Saraf and Maheshwari announced their discovery in the June 9 issue of Science magazine. The sensor is a self-assembling nanoparticle device with touch sensitivity comparable to that of the human finger, a capability far beyond any mechanical devices now available. The sensor consists of alternating monolayers of gold and cadmium sulfide nanoparticles separated from each other by a thin polymer film.

David H. Allen, dean of the College of Engineering, said Saraf is one of the most brilliant men he has met in his lifetime.

"He is a tremendous asset to the state and the university," he said. "I am confident that this invention, along with many of his others, will go a long way to make our world a better place. I am particularly attracted to Dr. Saraf's positive and infectious attitude regarding all of his research, particularly this touch-sensitive device."
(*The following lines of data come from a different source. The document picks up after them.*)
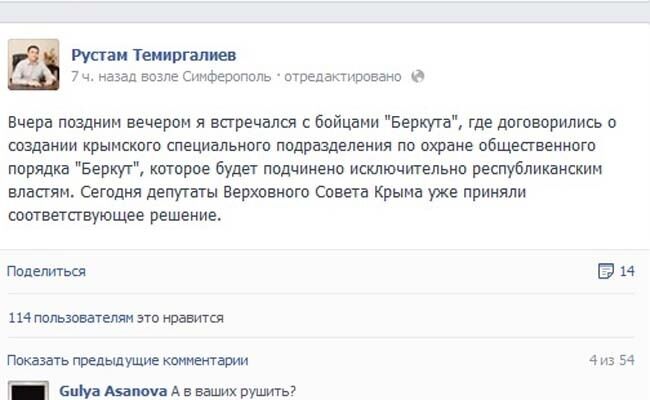 "…я встречался с бойцами "Беркута", где договорились о создании крымского специального подразделения по охране общественного порядка "Беркут", которое будет подчинено исключительно республиканским властям… депутаты Верховного Совета Крыма уже приняли соответствующее решение", – написал Темиргалиев у себя в Facebook.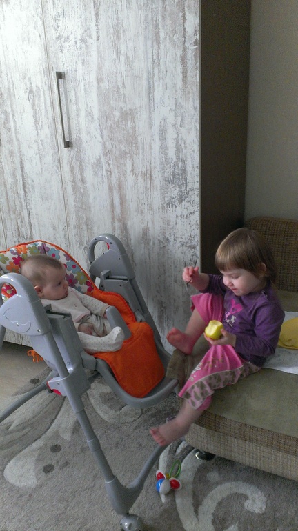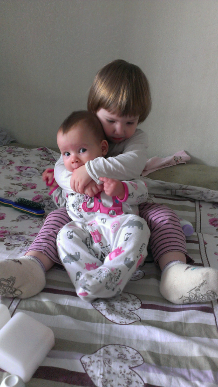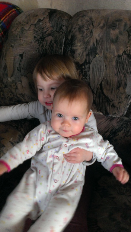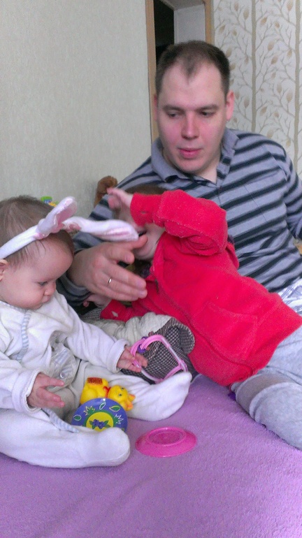 Не знаю, почему, заметила только при написании данного поста, но наши девочки очень мало взаимодействуют, особенно сейчас, пока Аришка (9 мес.) еще не ходит и вообще она ни рыба, ни мясо не лежит, не ходит. И по этой же причине развивающих занятий совместных еще тоже пока нет. Но вот все же несколько совместных фото я отыскала: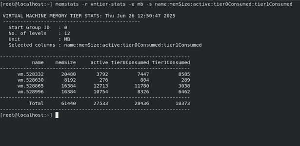 VMware provides the memstats utility which includes a new report type called vmtier-stats. This report offers a range of metrics that can be used to monitor the amount of VM memory that has been offloaded to Tier 1 memory compared to Tier 0 memory.

Trejo Sanchez receives Top Thesis Award

Adriana Trejo Sanchez, a graduate student in industrial and management systems engineering, has been selected to receive the 2007 Folsom Distinguished Master's Thesis Award from the UNL Graduate Studies Office. Internal and external reviewers considered her thesis to be of high quality and an excellent contribution to the field. She will be awarded $500 and a plaque at the graduate studies awards reception on Jan. 25.